岡嶋昭彦 青瀬が勤務する事務所の所長。建築士。

石巻豊 建築士。38歳。4人の子持ち。

竹内健吾 建築士。若手。

津村マユミ 事務所の経理担当。32歳のシングルマザー。

西川隆夫 パース屋。

 

吉野陶太 青瀬に家の設計を依頼した男性。

 

能勢琢己 前の事務所の同僚。
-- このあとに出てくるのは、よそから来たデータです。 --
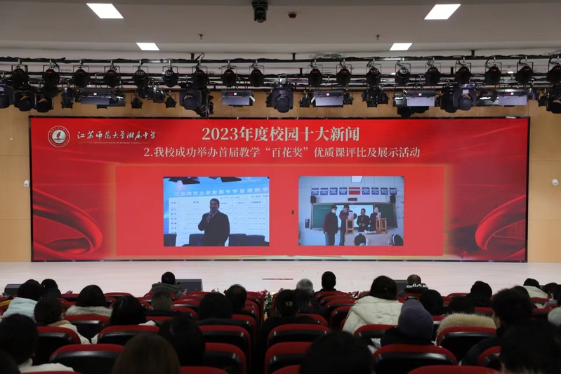 会议现场播放了2023年度校园十大新闻,回顾了一年来记录着学校发展和变化的重要事件。每一条新闻,都展现了学校的进步发展和变化,也记录着老师们努力的身影和收获的喜悦。
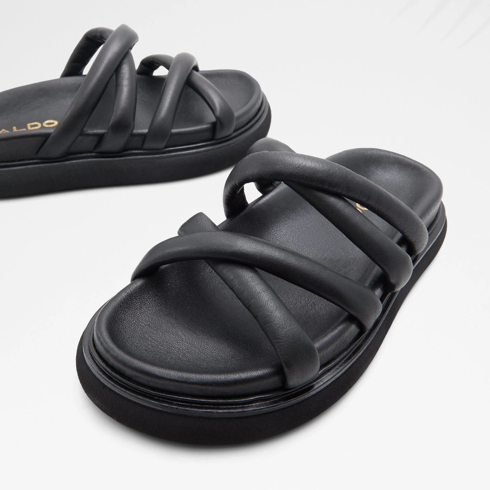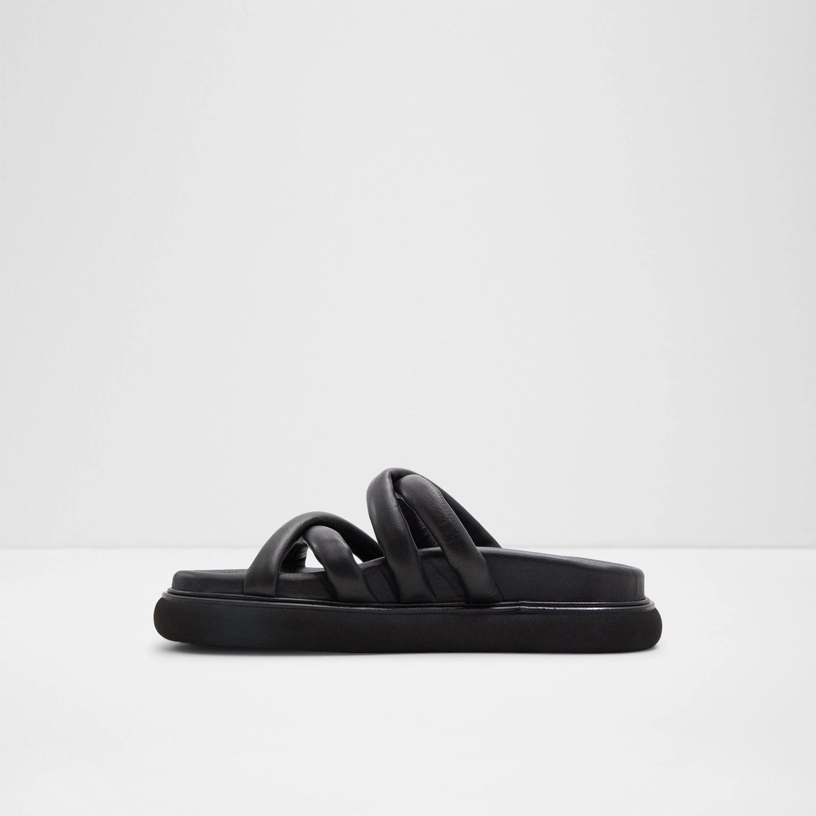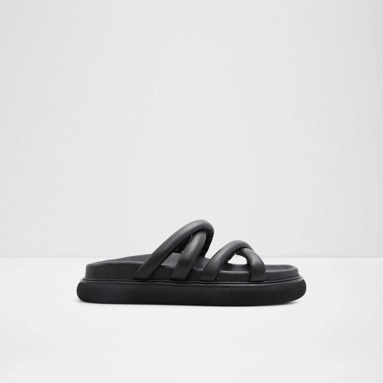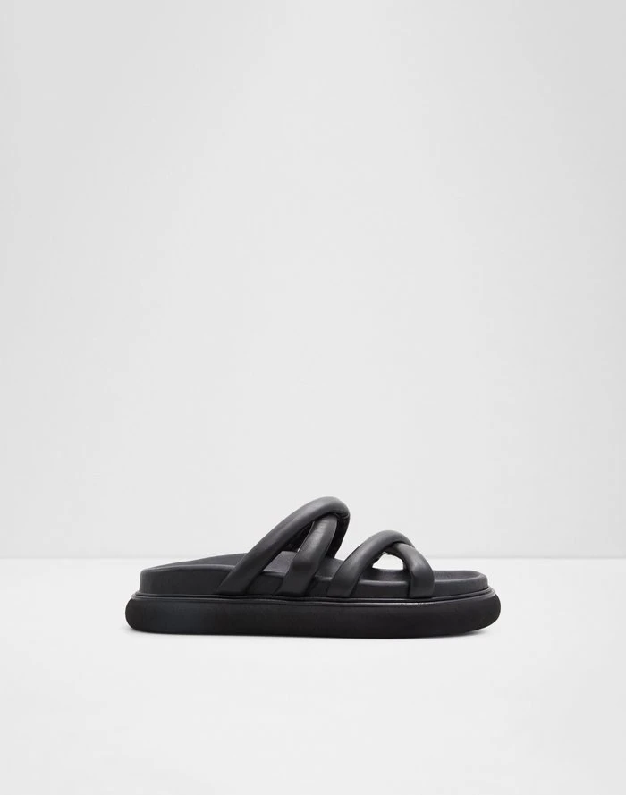 #Style Notes *Make your outfit feel endlessly fashion forward (and even futuristic!) in these wear-everywhere flat sandals with puffy straps for added texture. They’re so cool you’ll want to sport them over and over again. #Details *Colour: Black *Heel Height: 1.00 In (2.54 Cm) *Heel Type: Flat Or No Heel #Materials *Main Material: Leather *Sole Material: Rubber

ゆかりに好意を抱いていた。

池園孝浩 J新聞の記者。

繁田満 東洋新聞の記者。

 

横山秀夫「ノースライト」表紙画像

 

横山秀夫「ノースライト」のあらすじ

一級建築士の主人公・青瀬は、「あなたが住みたい家を建ててください」と吉野陶太に依頼されて信濃追分に「Y邸」を設計。

北からの光(ノースライト)を取り込んだ木の家だ。

 

しかしY邸には誰も住んでいないらしく、吉野とも連絡が取れない。

あの一家はどうしたのか。

 

Y邸には、一脚の椅子が残されていた。

ブルーノ・タウトというドイツの建築家の椅子ではないかという岡嶋の発言を受け、青瀬は謎解きに奔走するーというあらすじです。

 

横山秀夫「ノースライト」の感想

横山秀夫さんといえば警察小説の印象が強いのですが、本作は家族の話

 

主人公の青瀬稔には前妻との間に娘がいて定期的に面会し、親子の関係性は概ね良好に見えます。

しかし青瀬はそろそろ、離婚した理由をきちんと娘に説明したいと考えているのでした。

 

一方、青瀬が勤務する「岡嶋設計事務所」所長の岡嶋。

 

彼らは大学の同期でもあるのですが、岡嶋の人格がガラリと変わったと評す青瀬。

20年以上の付き合いになるわけですが、後半で明かされる岡嶋一家のある秘密

これは切なかったです。

 

家族の概念、というか役割について考えさせられました。

 

横山秀夫「ノースライト」の本扉

 

さて、あらすじのところで書いたY邸の件ですが、何とも不可解です。

引っ越した形跡もなく、吉野さんの行方も分からず、謎の椅子が一脚だけ残されていたのですから。

タウトの足跡をたどり、確実に真実に近づいていく青瀬。

(少しずつ進んでいく展開に、やきもきしてしまうせっかちな私。)

ドイツ人であるタウトですが、わが故郷・仙台にいたこともあったのだとか。

 

吉野淘汰が青瀬に設計を依頼した目的は、意外なものでした。

二人を繋ぐ過去があったのです

 

主人公を含め、設計事務所勤務の人々が登場しますので、建築関係の専門用語が少しだけ理解できたような気になりました。

設計図を描き、模型を作って設備までも考える。

 

縁のない業界ですが、華やかですね。そして苦悩も多そうです。

 

登場人物の名前にも、意味が込められていました。

これは気付かなかった…!!

 

最後に

作中には様々な鳥が出てきます。

ヒヨドリ、セキセイインコ、ヒガラ、シジュウカラ、マヒワ、ベニマシコ、ジョウビタキ、などなど。

 

青瀬が九官鳥を飼育していた過去とも繋がるのかな、とも思いましたが、私は安住氏がラジオで度々語る、聞きなしの話を思い出してしまいました。

ツバメの鳴き声は「つちくって むしくって くちしぶーい」。だとか。

不思議ですよね。なるほど、それらしく聴こえます。

 

青瀬の乗る「シトロエンの車」。

はて、どんなだった?と検索してしまいました。

 

ノースライトのドラマは、12月に放送予定だとか。

どんな映像に仕上がっているのか、今から楽しみです。